Lauren Chan has been in the fashion industry long enough to have a strong opinion about how it contributes to disordered eating. The 29-year old is a former plus-size model and editor at Glamour magazine and says that fashion, entertainment and the media perpetuate the myth of an idealized body type that for most people, is unattainable. “We see 5,000 ads a day, all featuring the same kind of image,” she says. “The message we receive is clear, but if you look around at the people in your life, very few look like that.”
The fall out, says Chan, is that people end up with low self-esteem, life threatening eating disorders, and a widespread, unhealthy diet culture. “It’s hard to find women who are unscathed from this,” she says.
In response to a fashion industry that doesn’t design much for larger sizes, Chan has created Henning, luxury garments for women size 12 and up. “I’ve been the one in a meeting or an interview where I’m covering up a split in my pants,” she says. “Only about 17 percent of the clothing available is for plus-sized women.”
While being more inclusive to all body types is one piece of the puzzle in helping to eliminate the desire for a certain look, there’s much work to be done. February 24 to March 1 is National Eating Disorders Awareness Week, and the theme is “Come as You Are.”
Eating disorders don’t discriminate
Just as the entertainment and fashion industries idealize a certain look, when it comes to eating disorders, most people think of that same thin, white woman as victim. The truth is, the impact goes well beyond that demographic. Eating disorders don’t pick and choose.
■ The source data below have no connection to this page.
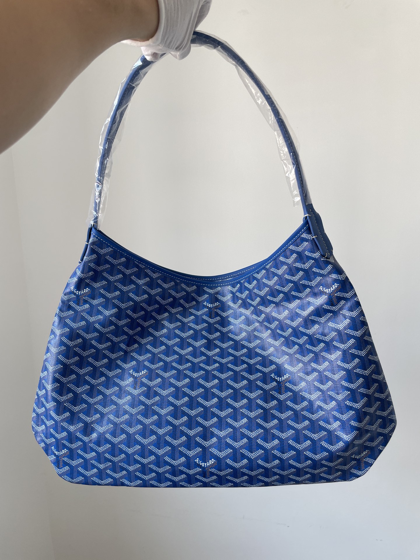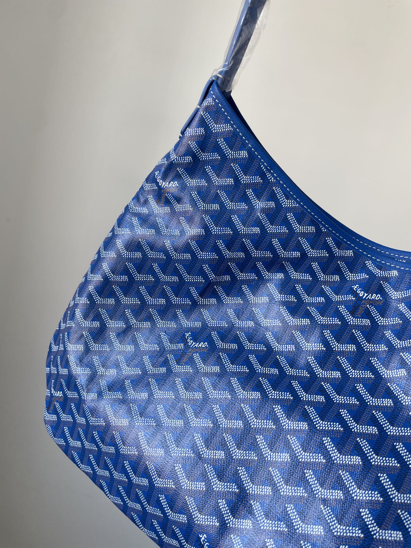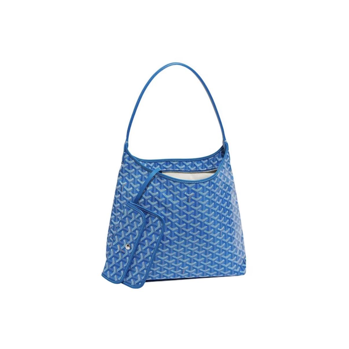 GOYARD Bohème Hobo in sky blue canvas with leather handle — soft curves and vibrant tone.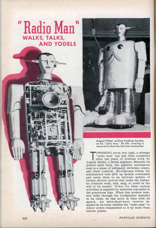 Но вернемся к плеяде «электромеханических людей» довоенной поры. Самым ярким примером в ней стал американский робот «Мистер Электро», созданный компанией Westinghouse Electric Corporation в 1937 году, два года спустя торжественно открывший Всемирную выставку 1939 года в Нью-Йорке, а еще через год получивший «напарника»: робособаку Спарки. Он ходил, говорил (словарный запас — 700 слов) и даже курил: тогдашние представления о здоровом образе жизни отличались от нынешних.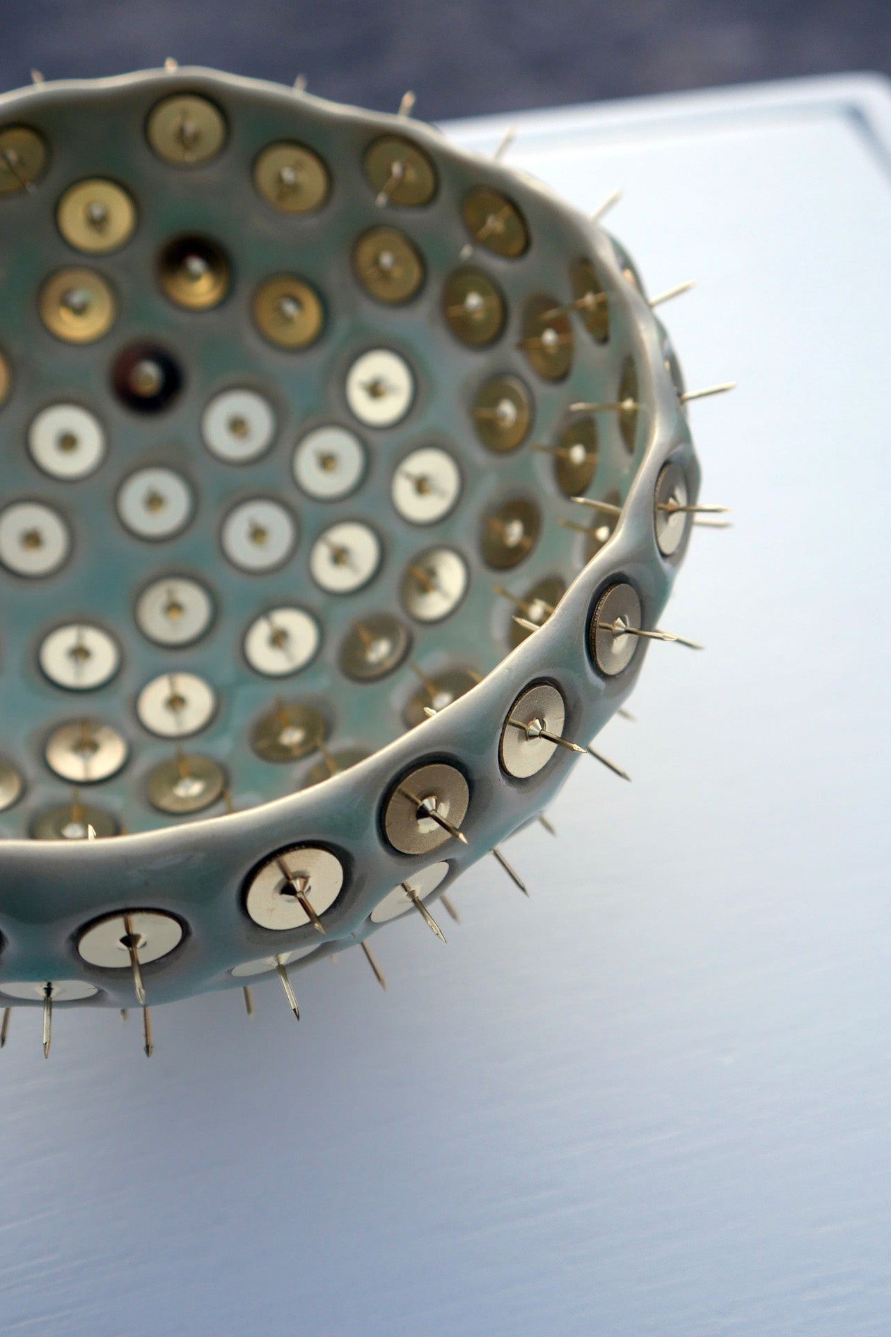 今にも動き出しそうなアメーバーのようなものや体温や柔らかさが伝わってくる下着や乳房など、どちらかというと穏やかな印象の陶器を制作してきた彼にとって荒くれたモチーフでのインスタレーションは初の試み。

A few stats, provided by the National Eating Disorders Association (NEDA): Black teenagers are 50 percent more likely than white teenagers to exhibit bulimic behaviors, such as binging and purging; lifetime prevalence estimates for bulimia and binge eating disorder among Latinas is 1.9 percent and 2.0 percent, respectively; Asian, Black, Hispanic and Caucasian youth all reported attempting to lose weight at similar rates.
Males, too, fall victim to eating disorders, at higher rates than most people realize. Depending on the source, statistics estimate that males represent between 10 and 25 percent of all eating disorder cases.
Ryan Sheldon, a 32-year old plus-size model living in Los Angeles, spent years seeking a diagnosis and treatment for his binge eating disorder. “I always hated my body, even as a kid,” he says. “I tried my first diet at age 12.”
By the time he entered college, Sheldon was in a regular routine of binging, restricting and exercising, leaving him with an average-sized weight. “Most people wouldn’t have any idea that I had disordered eating,” he says.
When he sought treatment, Sheldon was prescribed diet pills, which did nothing to help. “The issue wasn’t appetite,” he says. “I then asked for a sleeping pill prescription so that I could sleep all day and not eat.”
The result was a drastic, unhealthy weight loss in just the span of a month. “My eating disorder just blew up,” Sheldon says. “I felt unworthy and unlovable.”
More education and policy change is needed
Chevese Turner, chief policy and strategy officer at NEDA, says that the organization is putting more focus on marginalized communities. “We’re asking those outside the stereotype to share their stories in order to educate the public,” she says. “The truth is that low-weight anorexia represents the smallest percentage of eating disorders. It gets all the attention, however, because it’s so dangerous.”
Binge eating disorder, on the other hand, is the most prevalent, affecting some 15 million people over their lifetime, split evenly among men and women. “Two thirds of the population is higher weight,” says Turner. “By far, middle- to high-weight men and women are the most likely to have an eating disorder.”